Hi:
This is not the type of documentation that is possible "out of the box". The information on how a variable is derived such as you show in this assignment statement):
a=b+c;
is contained in the SAS program where variable A is created -- but the only information that is available about A that is stored in the descriptor portion of the data is the type of information that you would find in PROC CONTENTS (Var name, var label, var type, var format, var informat, var length) -- additionally, PROC CONTENTS has information on dataset creation, modification, index, sort status, etc.
But consider a process flow like this:
1) Dataset WORK.ONE is created with variables B and C from an Oracle table
2) Dataset WORK.TWO is created from WORK.ONE and variable A is created by adding B and C together.
3) Dataset PERM.THREE is created from WORK.TWO and variable D, a category variable, is created by applying a user-defined format to variable A and then some further data manipulation and subsetting is done on variables B and C to create variables E and F --- so now PERM.THREE contains variables A B C D E F -- two of which (B and C) originally came from an Oracle table.
There's no way to trace in PERM.THREE the fact that B & C originally came from an Oracle table or that A was derived from B and C -- except via very good documentation of the programs and the building of a data dictionary or processing flow dictionary.
Sounds like you want CASE tools (http://en.wikipedia.org/wiki/Computer-aided_software_engineering ) or Yourdon dataflow diagrams (http://yourdon.com/strucanalysis/wiki/index.php?title=Chapter_9 and
http://www.agilemodeling.com/artifacts/dataFlowDiagram.htm and
http://www.cems.uwe.ac.uk/~tdrewry/dfds.htm#DFD%20Principles )
SAS Enterprise Guide has a process flow view of your project, but that does not go down to the column level.

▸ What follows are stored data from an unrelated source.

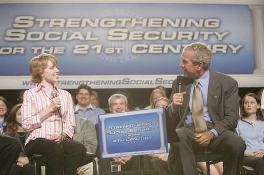 President George W. Bush talks with Colleen Rummel during a conversation on Social Security at the James Lee Community Center, Falls Church, Va., Friday, April 29, 2005.
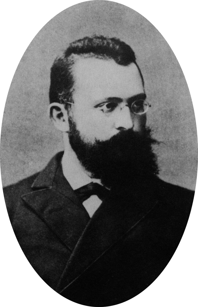 Heinrich Botho Scheube 1853-1923. Foto from the collection of T. Koseki, later kept by Kyoto Prefectural University of Medicine
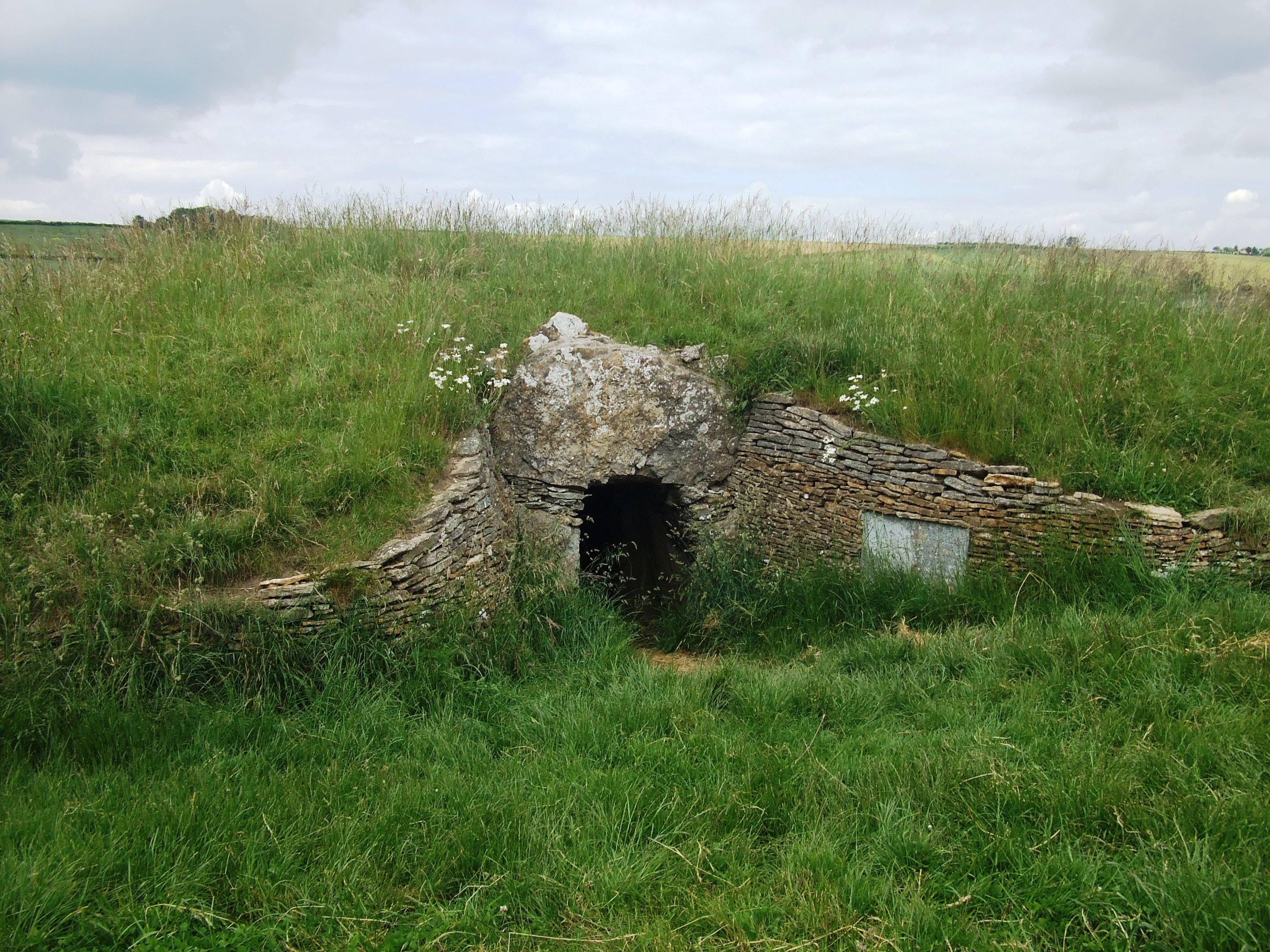 Stoney Little Long Barrow near Wellow Somerset
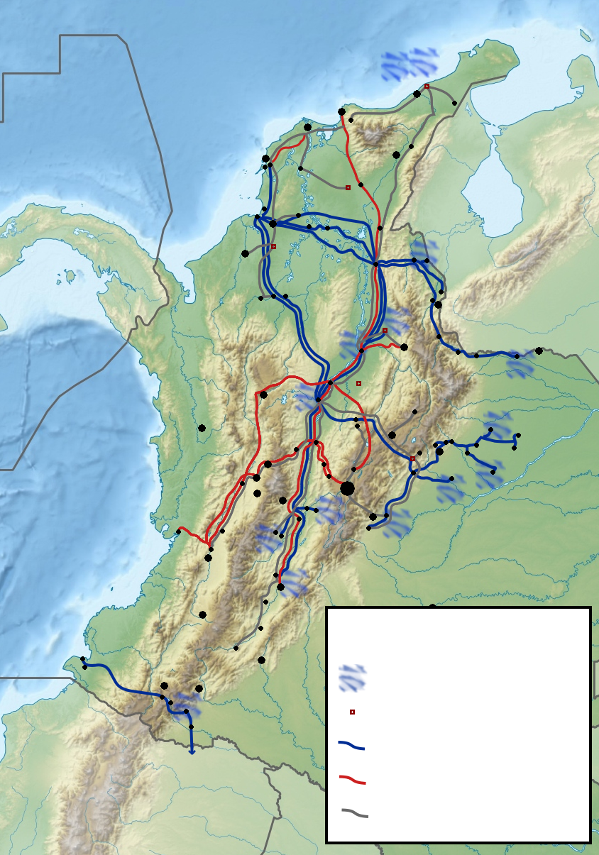 Map of the pipelines in Colombia
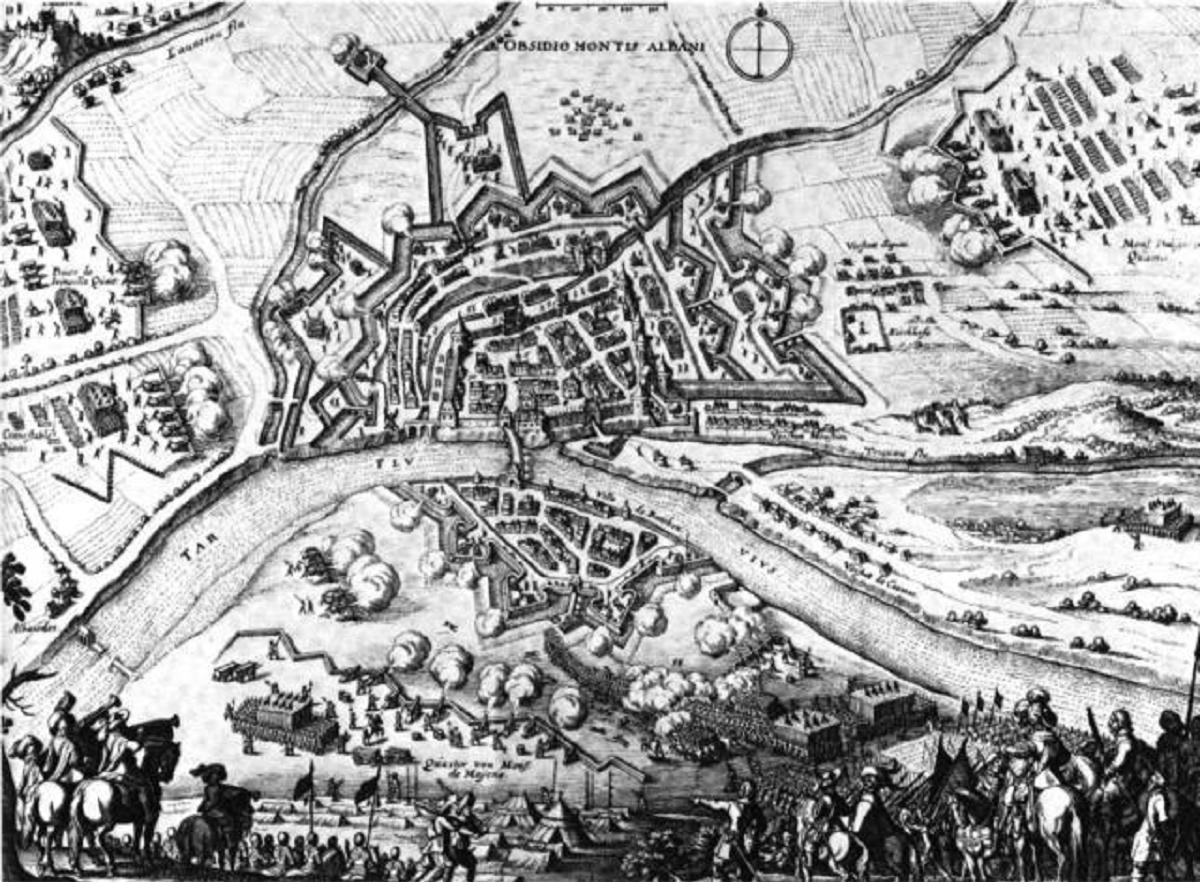 Siege_of_Montauban_1621_Merian_1646
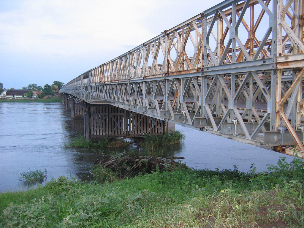 steel bridge over the White Nile in Juba, Equatoria, South Sudan
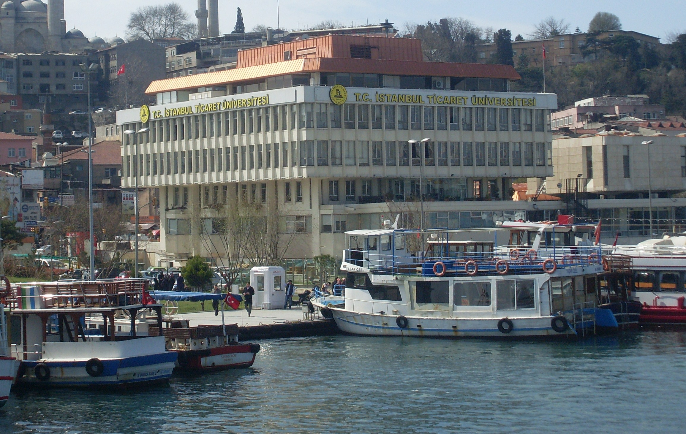 İstanbul Commerce Univ.- Mart 2013 R1

SAS also has DI Studio, which is an ETL type of software meant to work within the context of the SAS platform for Business Analytics -- DI Studio has a process flow view of the transformations needed to build target tables (some screen shots are in this paper
http://support.sas.com/resources/papers/proceedings09/092-2009.pdf ). SAS also has the SAS Code Analyzer (SCAPROC) described in these papers:
http://www2.sas.com/proceedings/forum2008/006-2008.pdf
http://support.sas.com/resources/papers/proceedings10/313-2010.pdf
and here is the doc overview for PROC SCAPROC:
http://support.sas.com/documentation/cdl/en/proc/61895/HTML/default/viewer.htm#/documentation/cdl/en...
For example, if you ran the following program using SCAPROC to capture information on the program:
[pre]
proc scaproc;
record 'c:\temp\record.txt' attr;
run;
data one;
do i = 1 to 3 by 1;
b=10*i;
c=5*i;
output;
end;
format b c 3.0;
label b='B'
c='C';
run;
data two(drop=i);
set one;
a=b+c;
format a comma5.0;
label a='Derived from B+C';
run;
proc scaproc;
write;
run;
[/pre]
This is the ATTR information that would be written to RECORD.TXT (white space and lines added by me for readability). As you can see, there is no visibility of HOW the variables were created, just that they were created and what their format, label, etc are:
[pre]
============= ATTR from creation of WORK.ONE
/* JOBSPLIT: ATTR WORK.ONE.DATA OUTPUT VARIABLE:i TYPE:NUMERIC LENGTH:8 LABEL: FORMAT: INFORMAT: */
/* JOBSPLIT: ATTR WORK.ONE.DATA OUTPUT VARIABLE:b TYPE:NUMERIC LENGTH:8 LABEL:B FORMAT:3. INFORMAT: */
/* JOBSPLIT: ATTR WORK.ONE.DATA OUTPUT VARIABLE:c TYPE:NUMERIC LENGTH:8 LABEL:C FORMAT:3. INFORMAT: */
/* JOBSPLIT: ATTR WORK.ONE.DATA OUTPUT VARIABLE:i TYPE:NUMERIC LENGTH:8 LABEL: FORMAT: INFORMAT: */
/* JOBSPLIT: ATTR WORK.ONE.DATA OUTPUT VARIABLE:b TYPE:NUMERIC LENGTH:8 LABEL:B FORMAT:3. INFORMAT: */
/* JOBSPLIT: ATTR WORK.ONE.DATA OUTPUT VARIABLE:c TYPE:NUMERIC LENGTH:8 LABEL:C FORMAT:3. INFORMAT: */
=================== ATTR of WORK.ONE as input to create WORK.TWO
/* JOBSPLIT: ATTR WORK.ONE.DATA INPUT VARIABLE:i TYPE:NUMERIC LENGTH:8 LABEL: FORMAT: INFORMAT: */
/* JOBSPLIT: ATTR WORK.ONE.DATA INPUT VARIABLE:b TYPE:NUMERIC LENGTH:8 LABEL:B FORMAT:3. INFORMAT: */
/* JOBSPLIT: ATTR WORK.ONE.DATA INPUT VARIABLE:c TYPE:NUMERIC LENGTH:8 LABEL:C FORMAT:3. INFORMAT: */
=============== ATTR of WORK.TWO output variables (note that I is not here)
/* JOBSPLIT: ATTR WORK.TWO.DATA OUTPUT VARIABLE:b TYPE:NUMERIC LENGTH:8 LABEL:B FORMAT:3. INFORMAT: */
/* JOBSPLIT: ATTR WORK.TWO.DATA OUTPUT VARIABLE:c TYPE:NUMERIC LENGTH:8 LABEL:C FORMAT:3. INFORMAT: */
/* JOBSPLIT: ATTR WORK.TWO.DATA OUTPUT VARIABLE:a TYPE:NUMERIC LENGTH:8 LABEL:Derived from B+C FORMAT:COMMA5. INFORMAT: */
[/pre]
It really comes down to what you need to produce and at what level of granularity. And another consideration is whether you are documenting code and dataflow from code that you are writing or documenting code and making dataflow diagrams from a process/code that is already written. The output from SCAPROC may help you, but you just as well served with a PROC CONTENTS after every step where you create a new dataset.
cynthia